One exact copy of the listing, minus the images, is the required answer.

[GIVEN MATERIAL]
■ ■ ■ ■ ■
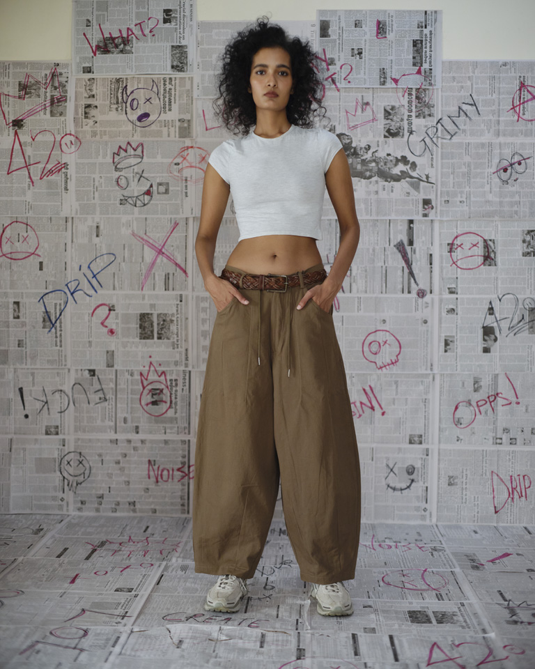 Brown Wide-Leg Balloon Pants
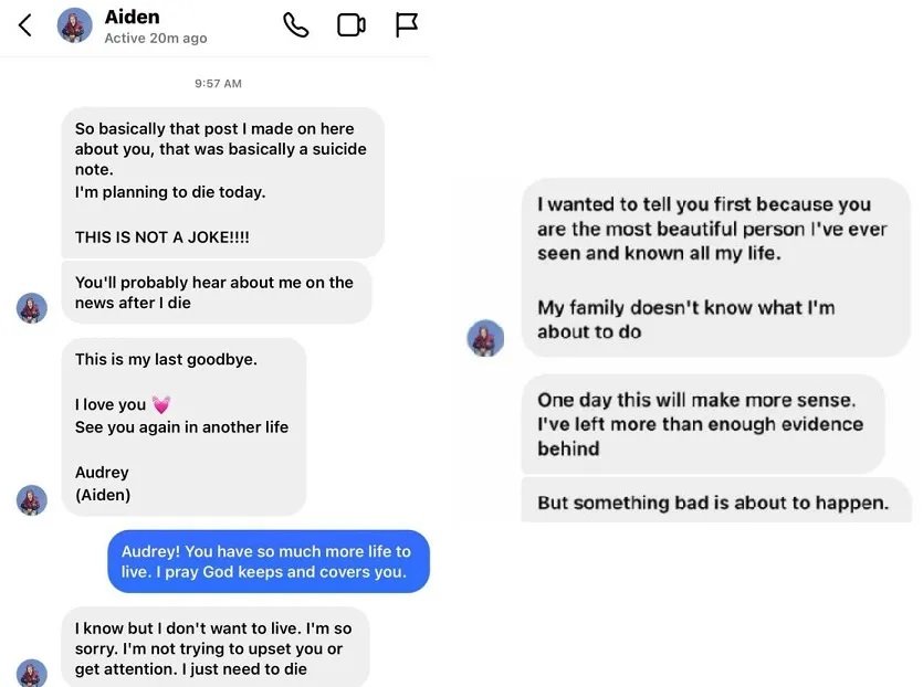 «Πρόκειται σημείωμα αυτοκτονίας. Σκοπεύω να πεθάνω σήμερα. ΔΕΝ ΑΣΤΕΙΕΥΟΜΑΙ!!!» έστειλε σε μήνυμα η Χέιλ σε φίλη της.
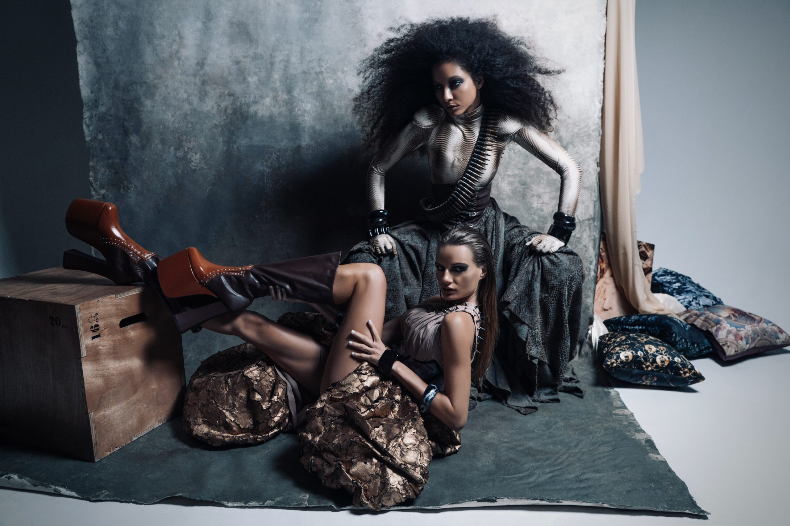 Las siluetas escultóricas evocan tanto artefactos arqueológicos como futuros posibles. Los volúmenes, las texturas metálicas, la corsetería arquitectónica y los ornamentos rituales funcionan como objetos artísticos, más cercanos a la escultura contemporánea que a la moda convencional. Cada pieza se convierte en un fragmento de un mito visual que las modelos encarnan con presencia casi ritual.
■ ■ ■ ■ ■
[SOLUTION TO THIS EXERCISE]
 Brown Wide-Leg Balloon Pants
 «Πρόκειται σημείωμα αυτοκτονίας. Σκοπεύω να πεθάνω σήμερα. ΔΕΝ ΑΣΤΕΙΕΥΟΜΑΙ!!!» έστειλε σε μήνυμα η Χέιλ σε φίλη της.
 Las siluetas escultóricas evocan tanto artefactos arqueológicos como futuros posibles. Los volúmenes, las texturas metálicas, la corsetería arquitectónica y los ornamentos rituales funcionan como objetos artísticos, más cercanos a la escultura contemporánea que a la moda convencional. Cada pieza se convierte en un fragmento de un mito visual que las modelos encarnan con presencia casi ritual.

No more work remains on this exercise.